By: Dustin Dietz
After receiving a sizable contract extension shortly after the season began, Texas Rangers second baseman Ian Kinsler yielded a disappointing slash line of .256/.326/.423, along with a bWAR of 2.1 in 2012. Based on the above average production Kinsler produced in previous years, which led to him earning the extension, fans and pundits expected more out of Kinsler. Kinsler’s cavalier body language and slumped shoulders after pop outs only exacerbated the angst among the masses last season.
Kinsler was not much better in the field as he generated a negative UZR for the first time since 2008. During the offseason, there was speculation Kinsler might be moved to first base to make room for mega prospect Jurickson Profar at second base. Kinsler felt he was more valuable to the club at second base, and after the team signed Lance Berkman to be the primary designated hitter in January, Kinsler’s spot in the middle of the diamond was safe for the time being.
The Rangers hired renowned former Boston Red Sox hitting coach Dave Magadan in the offseason with aspirations Magadan would be able to improve the approach and mechanics of Ranger hitters, including Kinsler. So far, the results have been outstanding with Kinsler as he has produced a slash line of .324/.387/.544 with 7 home runs and a wRC+ of 149 in 2013.
Kinsler has played at an elite, MVP level the first six weeks of ’12. The biggest difference so far in Kinsler’s game has been his approach at the plate. According to PITCHf/x, Kinsler is swinging at fewer pitches as his O-Swing, Z-Swing, and Swing percentages are all lower than they were in ’12. I realize we are looking at a small sample size here, but early season plate discipline numbers are typically trends which last the rest of the season. When Kinsler does swing at pitches outside of the strike zone, he is making contact with 80.3 percent of them, a substantial increase from the 71.5 O-Contact percentage Kinsler yielded in ’12.
Kinsler’s early season success can also be attributed to the fact he has destroyed right handed pitching, something he has not done historically.
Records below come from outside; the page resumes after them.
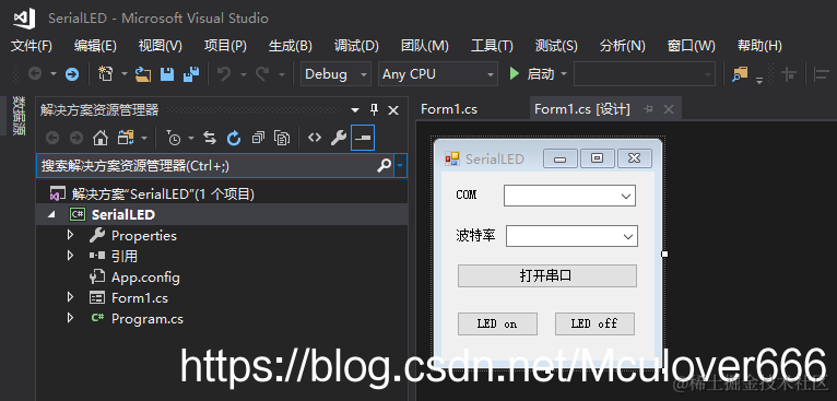 昨天有一个学弟找我帮忙写个程序,任务是编写一个串口上位机控制Arduino板载LED,已经焦头烂额了好久,无从下手,本来想几句话就能说清楚如何做,但是麻雀虽小,五脏俱全,包含了Arduino、串口、C#编程,写篇文章详细的讲述一下该如何做~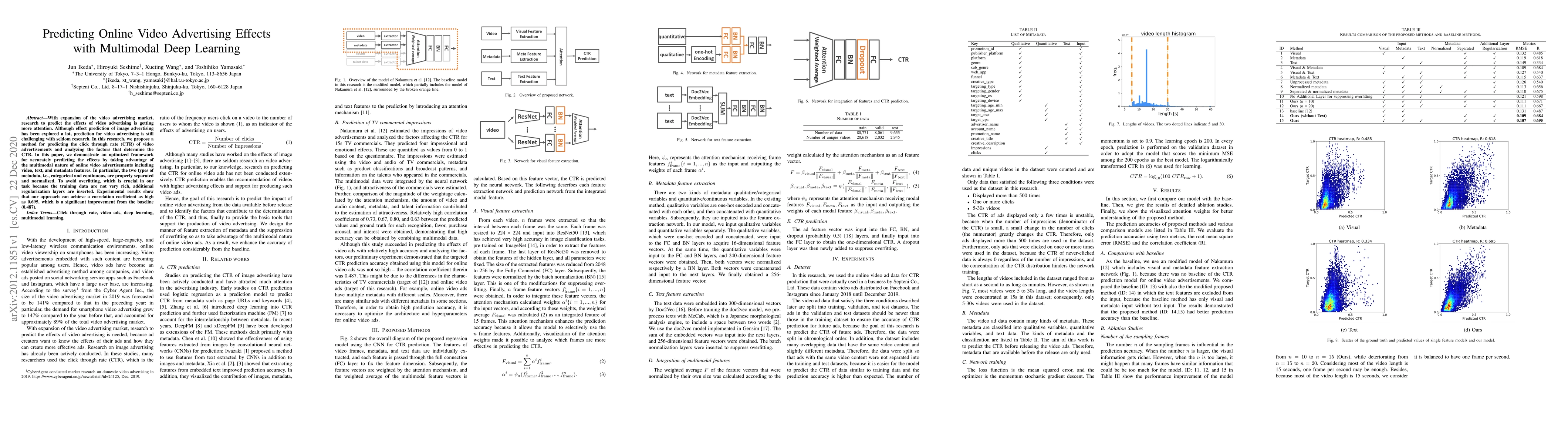 With expansion of the video advertising market, research to predict the effects of video advertising is getting more attention. Although effect prediction of image advertising has been explored a lot, prediction for video advertising is still challenging with seldom research. In this research, we propose a method for predicting the click through rate (CTR) of video advertisements and analyzing the factors that determine the CTR. In this paper, we demonstrate an optimized framework for accurately predicting the effects by taking advantage of the multimodal nature of online video advertisements including video, text, and metadata features. In particular, the two types of metadata, i.e., categorical and continuous, are properly separated and normalized. To avoid overfitting, which is crucial in our task because the training data are not very rich, additional regularization layers are inserted. Experimental results show that our approach can achieve a correlation coefficient as high as 0.695, which is a significant improvement from the baseline (0.487).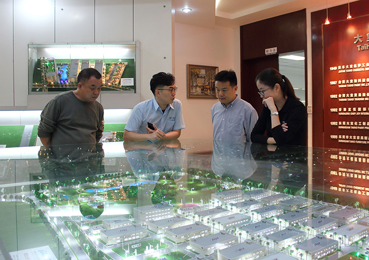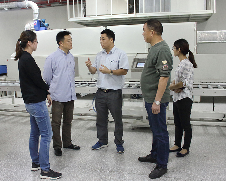 到訪領導一行還參觀了東莞大寶化工現代化的廠房設備、智能化涂裝線、一流的中央實驗室和展示家具漆產品完美施工效果的色板中心等地,增進了彼此的了解和進一步合作的信心。針對“油改水”問題,工作人員向參訪人員介紹了大寶漆水性漆的工藝和質量控制情況,詳細回答了馬總、李總一行對智能涂裝線的提問??疾烊藛T對大寶漆先進的生產管理和環保理念給予了高度評價。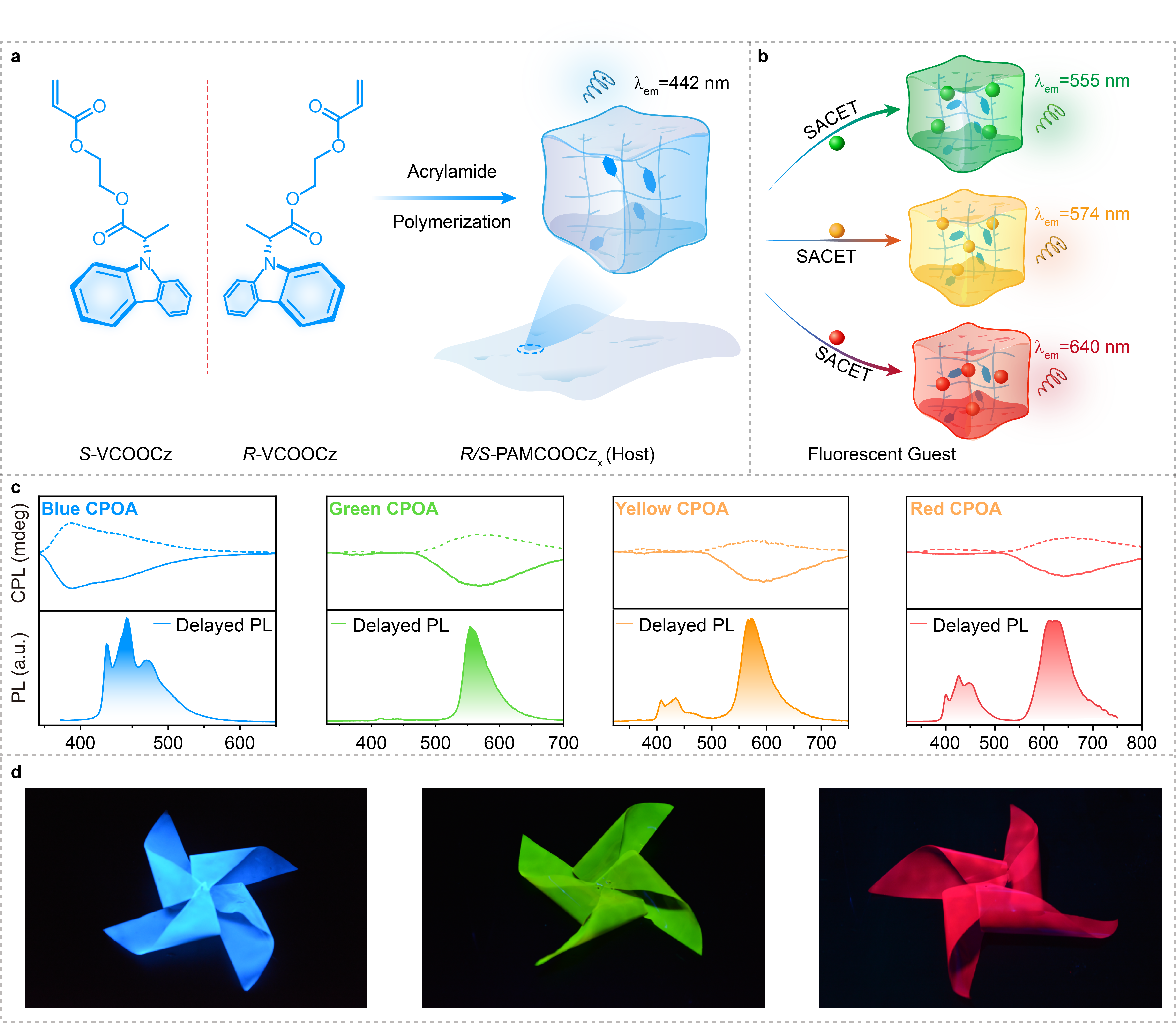 有机电子与信息显示国家重点实验室黄维院士团队陶冶和陈润锋教授在手性有机长余辉领域取得新进展,提出了一种通过共价自限域手性发色团来获得蓝色手性长余辉的简单方法,设计出具有超长寿命、高发光不对称因子的蓝色手性有机长余辉聚合物。将蓝色手性余辉聚合物作为主体与荧光客体共混,利用余辉和手性协同能量传递策略,成功地实现了全彩手性余辉发射体系的构建,并探索了该类材料在信息加密、立体显示等领域的应用。4月9日,相关成果以“Enabling robust blue circularly polarized organic afterglow through self-confining isolated chiral chromophore”为题发表在Nature Communications(《自然•通讯》)上。福利姬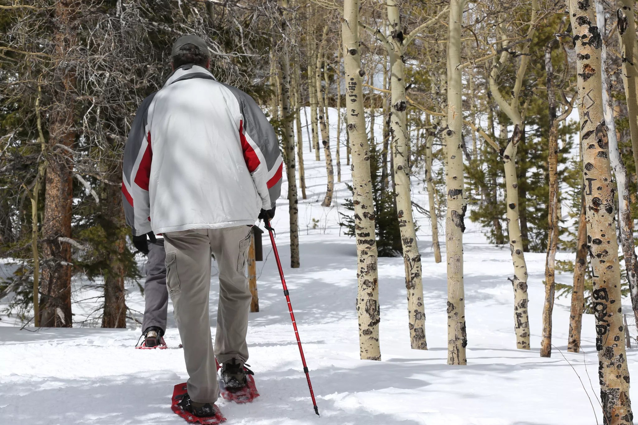 This super-short hike still packs a punch. Located off of Swan Mountain Road in Summit County, it offers stunning views of Lake Dillon, the Ten-Mile Range, the Gore Range, and the towns of Frisco and Dillon. This trail is quite popular, so expect packed snow over an even surface. On a sunny day, shoes with good traction should be all you need to do this trail. Sapphire Point Trail is so beautiful and easy, you may hike it twice.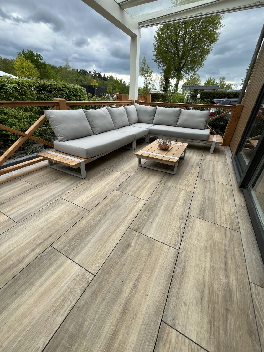 Bij Sierbestrating Jonk streven we ernaar om uw buitenleven te verrijken met hoogwaardige keramische tegels met houtlook. Ontdek de eindeloze mogelijkheden voor het transformeren van uw tuin en terras.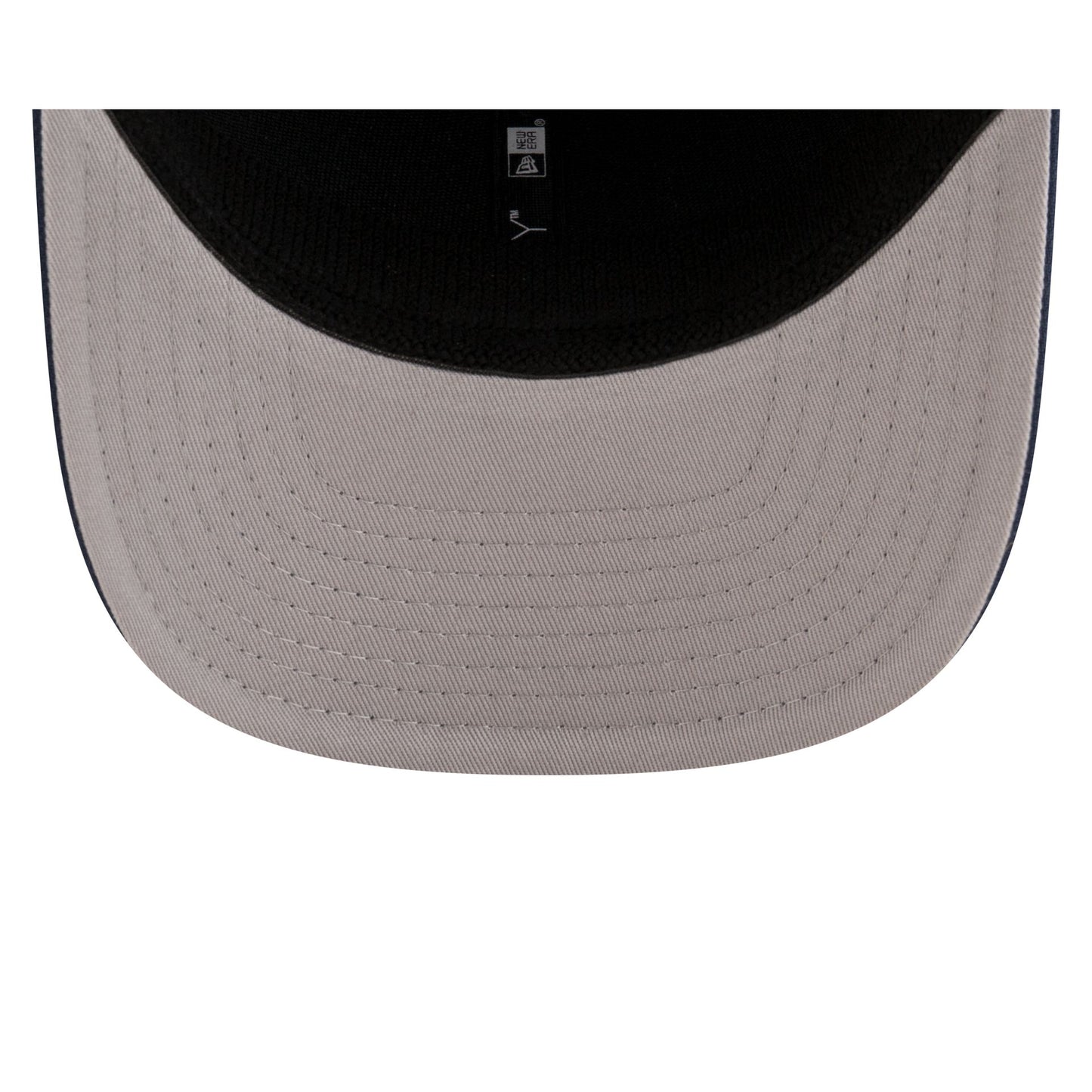 The Denver Nuggets Team 9SEVENTY Stretch-Snap features an embroidered Nuggets logo at the front panels with the NBA Logoman above an adjustable stretch-snap closure at the rear and a gray undervisor.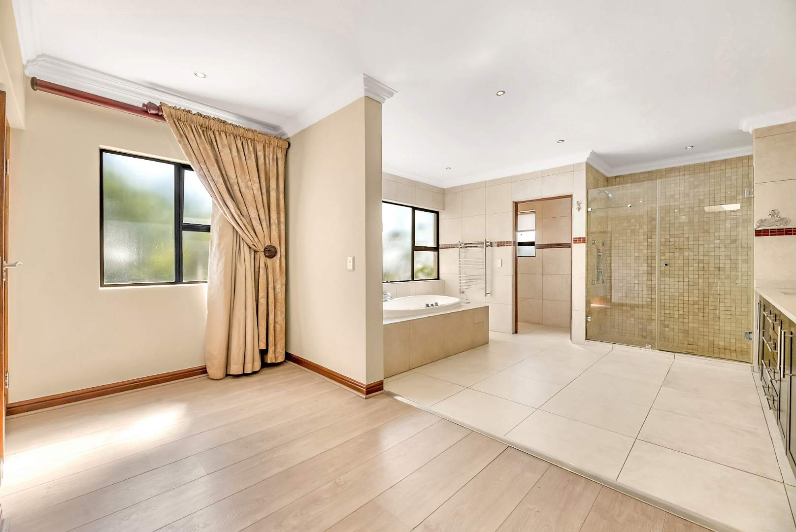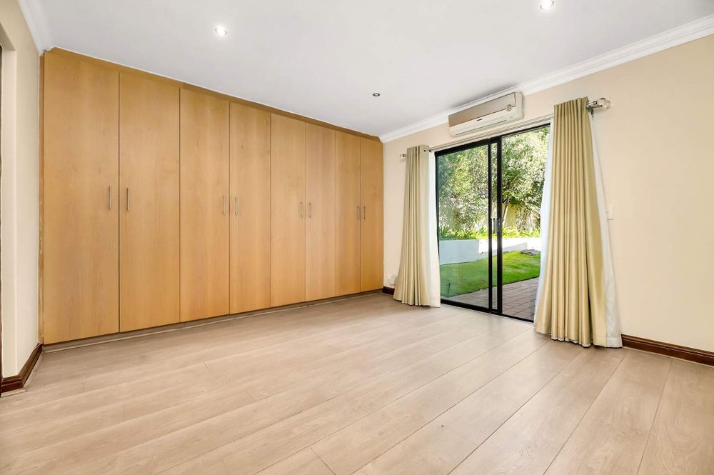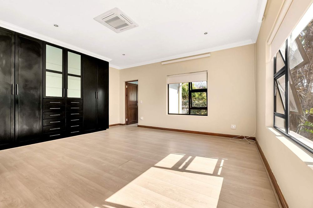 Hop, skip and jump to the park. A truly elegant home set in a lovely garden with 6 luxurious en-suite bedrooms and 5 garages. Stunning enclosed entertainment patio with stack back glass doors opening out into an established garden and sparking pool. Excellent finishes throughout the home, air-conditioning and laminate wood floors in all the bedrooms. The walk-in wine cellar is a lovely touch for the main lounge. Ultra-modern gourmet kitchen, with centre island, gas and electric hobs, loads of cupboards space and separate scullery. Small breakfast room open to the kitchen just perfect to chat to the children whilst cooking or when they eat. This home offers practical family living, 3 bedrooms upstairs plus an open pajama lounge and 3 bedrooms downstairs. Added extras the comes with all kitchen appliances, curtains and blinds, fibre, inverter and batteries for un-interrupted power supply, excellent security, and staff accommodation. Located one block from the park, this home would suit most large families.

The Rangers second baseman has yielded an outstanding slash line of .348/.414/.652 against right handed pitching in ’13, while his career line is .262/.340/.440 against north paws. The .652 slugging percentage is second in all of baseball behind only Shin-soo Choo’s .739. One can expect Kins’ numbers against righties to regress towards his career average, but his ability to hit to right handed pitching early on in the year is an encouraging sign.
Kinsler is winning battles.
The headline might be somewhat perplexing, but it will make sense in a moment. Many fans and writers are cynical of the WAR (wins above replacement) statistic because many misinterpret what the meaning is. For example, baseball writer Jon Heyman tweeted a couple of weeks ago his disbelief that phenomenal second year outfielder Bryce Harper had the same WAR as Pittsburgh outfielder Starling Marte. The number is not meant to represent how a player with a 5 WAR is better than a player with a 4 WAR. Rather, the WAR statistic represents the overall value the player provides for his team, and while Harper is a fantastic player, Marte and his superior defensive skills had supplied the same amount of wins for his team as Harper at that time.
Now that I have explained WAR for the baseball illiterate who refuses to accept the statistic’s validity, or the fact the earth is round, I will mention Kinsler is currently second in MLB among position players with 2.2 bWAR, behind only Brewers center fielder Carlos Gomez’s 2.8. To put Kinsler’s stellar play into perspective, he has already surpassed the bWAR of 2.1 from last season. Quite simply, Kinsler has been the most valuable player to the Rangers. While Profar is probably ready to contribute at the big league level right now, there is little chance he would be producing the way Kinsler is from the second base position.
While Kinsler’ nonchalant demeanor in the batter’s box and in the field can indeed be vexing, I hope many realize how great he has played up to this point. Kinsler still does have the propensity to pop out rather often. However, if he continues to play at the level he currently is, he will not only be a bargain at the $13 million dollars he is being paid in ’13, but he also will be in MVP consideration at season’s end and helping lead the Rangers to a third American League West crown in four years.